Exercise: Please print the entries below exactly, from the line with "이퀄라이저를 조금 조절해주니까 듣기 편하네요." through the line with "दिल्ली मुख्य संस्करण", including both of those lines and leaving out all others.

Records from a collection

━━━━━━

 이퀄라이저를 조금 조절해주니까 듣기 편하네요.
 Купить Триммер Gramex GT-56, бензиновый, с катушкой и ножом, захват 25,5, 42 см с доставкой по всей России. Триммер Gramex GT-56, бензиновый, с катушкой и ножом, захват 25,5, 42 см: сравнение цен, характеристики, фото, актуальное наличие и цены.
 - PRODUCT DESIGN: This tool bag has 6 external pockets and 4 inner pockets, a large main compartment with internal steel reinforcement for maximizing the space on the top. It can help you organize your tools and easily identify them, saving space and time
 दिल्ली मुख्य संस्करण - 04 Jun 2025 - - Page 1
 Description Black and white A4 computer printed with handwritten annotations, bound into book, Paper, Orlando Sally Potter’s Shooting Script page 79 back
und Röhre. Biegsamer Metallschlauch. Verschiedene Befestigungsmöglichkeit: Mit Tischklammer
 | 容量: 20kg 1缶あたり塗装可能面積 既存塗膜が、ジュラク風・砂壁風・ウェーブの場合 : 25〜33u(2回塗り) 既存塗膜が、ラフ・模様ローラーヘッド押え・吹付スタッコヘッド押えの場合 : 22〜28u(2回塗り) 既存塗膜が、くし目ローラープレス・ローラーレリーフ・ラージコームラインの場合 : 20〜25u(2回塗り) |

━━━━━━

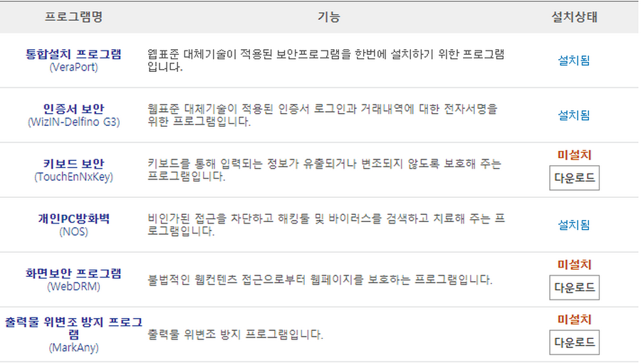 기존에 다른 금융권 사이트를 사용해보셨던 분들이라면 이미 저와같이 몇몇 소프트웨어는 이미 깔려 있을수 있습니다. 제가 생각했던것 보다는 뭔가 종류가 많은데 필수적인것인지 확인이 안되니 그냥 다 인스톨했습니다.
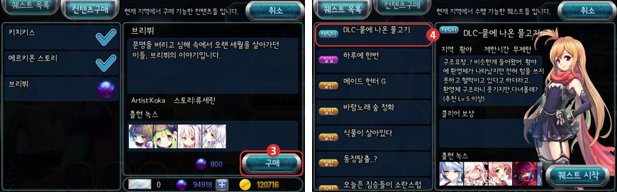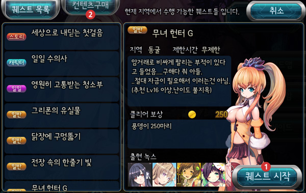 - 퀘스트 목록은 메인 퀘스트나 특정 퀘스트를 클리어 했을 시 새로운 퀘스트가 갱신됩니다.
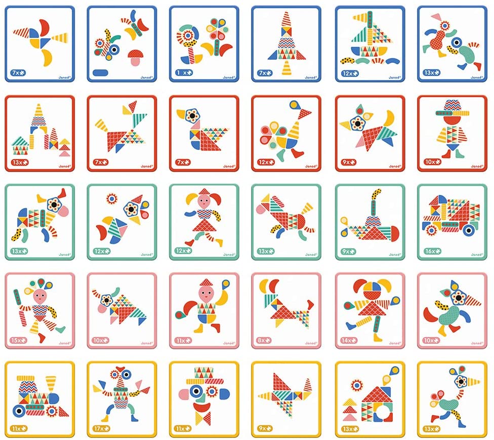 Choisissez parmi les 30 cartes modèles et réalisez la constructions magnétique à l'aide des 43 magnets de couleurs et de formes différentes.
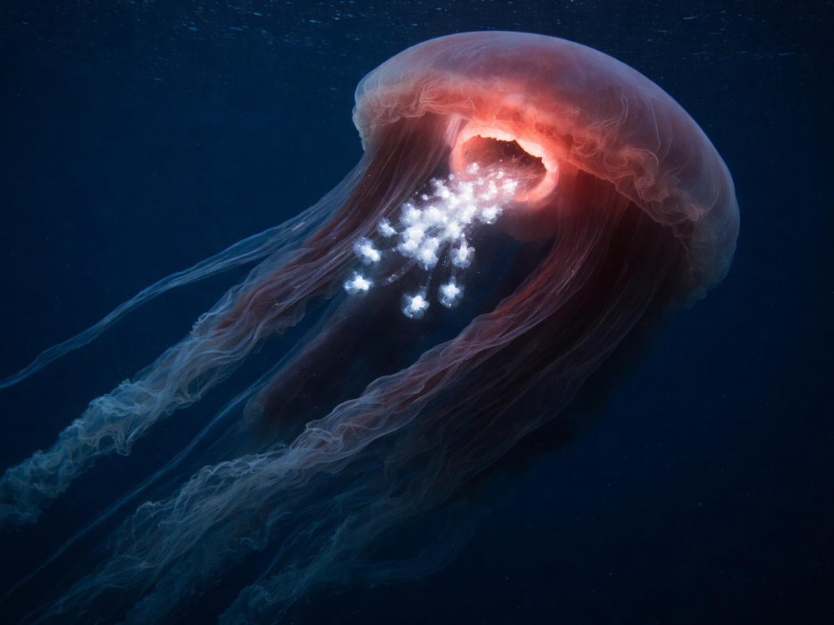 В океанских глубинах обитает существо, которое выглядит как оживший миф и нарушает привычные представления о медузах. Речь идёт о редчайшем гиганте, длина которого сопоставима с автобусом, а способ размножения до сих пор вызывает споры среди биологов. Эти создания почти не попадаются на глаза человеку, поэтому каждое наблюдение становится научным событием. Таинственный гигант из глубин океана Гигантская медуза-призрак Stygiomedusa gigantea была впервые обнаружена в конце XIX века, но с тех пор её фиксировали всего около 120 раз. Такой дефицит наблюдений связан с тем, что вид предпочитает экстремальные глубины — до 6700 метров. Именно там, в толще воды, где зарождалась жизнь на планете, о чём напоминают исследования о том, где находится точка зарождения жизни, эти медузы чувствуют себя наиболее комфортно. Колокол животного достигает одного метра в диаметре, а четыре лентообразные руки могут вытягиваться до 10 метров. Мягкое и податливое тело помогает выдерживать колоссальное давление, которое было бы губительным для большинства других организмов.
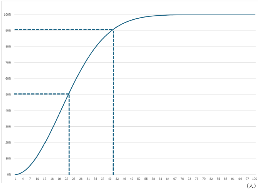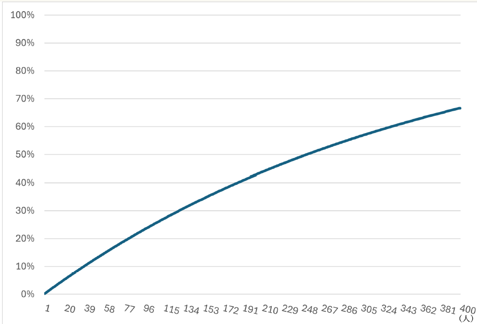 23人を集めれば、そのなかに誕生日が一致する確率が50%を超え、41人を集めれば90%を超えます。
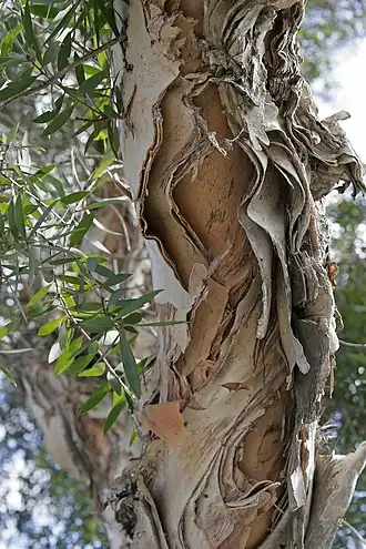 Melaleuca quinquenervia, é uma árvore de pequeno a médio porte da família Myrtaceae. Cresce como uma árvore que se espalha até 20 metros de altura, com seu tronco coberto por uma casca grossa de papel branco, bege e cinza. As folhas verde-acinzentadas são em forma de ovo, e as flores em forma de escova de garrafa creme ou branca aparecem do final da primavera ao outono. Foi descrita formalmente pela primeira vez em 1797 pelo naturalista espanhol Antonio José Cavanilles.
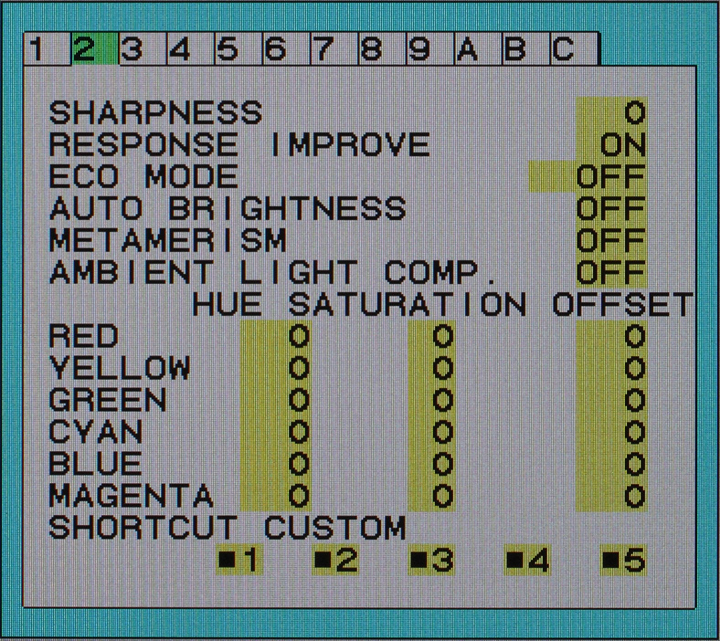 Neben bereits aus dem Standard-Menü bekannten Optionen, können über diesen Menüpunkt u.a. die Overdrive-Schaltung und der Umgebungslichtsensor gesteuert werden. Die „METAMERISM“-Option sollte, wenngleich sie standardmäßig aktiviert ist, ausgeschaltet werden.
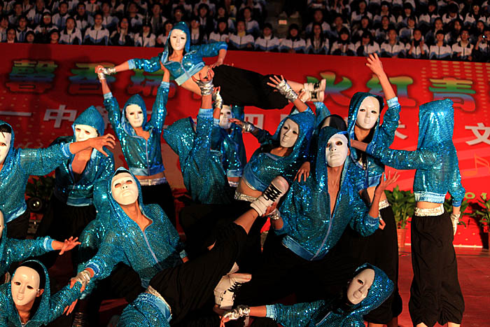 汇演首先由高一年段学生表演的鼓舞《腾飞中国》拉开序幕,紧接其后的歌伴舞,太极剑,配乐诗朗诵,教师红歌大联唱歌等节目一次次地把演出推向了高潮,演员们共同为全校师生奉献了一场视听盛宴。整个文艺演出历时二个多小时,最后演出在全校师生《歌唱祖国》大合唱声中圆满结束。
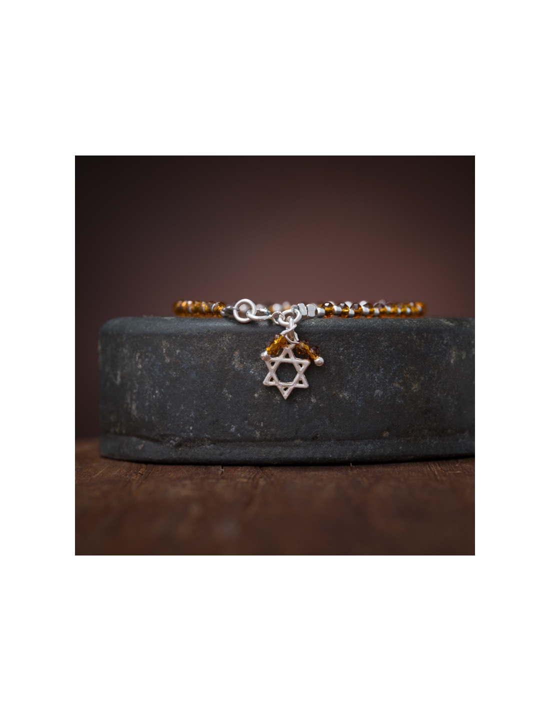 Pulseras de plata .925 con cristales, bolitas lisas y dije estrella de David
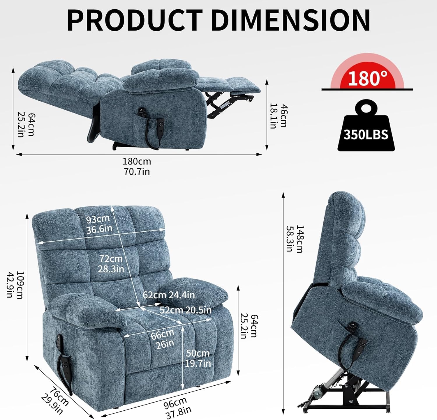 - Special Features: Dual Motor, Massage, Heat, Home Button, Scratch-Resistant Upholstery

━━━━━━

Task output:
 이퀄라이저를 조금 조절해주니까 듣기 편하네요.
 Купить Триммер Gramex GT-56, бензиновый, с катушкой и ножом, захват 25,5, 42 см с доставкой по всей России. Триммер Gramex GT-56, бензиновый, с катушкой и ножом, захват 25,5, 42 см: сравнение цен, характеристики, фото, актуальное наличие и цены.
 - PRODUCT DESIGN: This tool bag has 6 external pockets and 4 inner pockets, a large main compartment with internal steel reinforcement for maximizing the space on the top. It can help you organize your tools and easily identify them, saving space and time
 दिल्ली मुख्य संस्करण - 04 Jun 2025 - - Page 1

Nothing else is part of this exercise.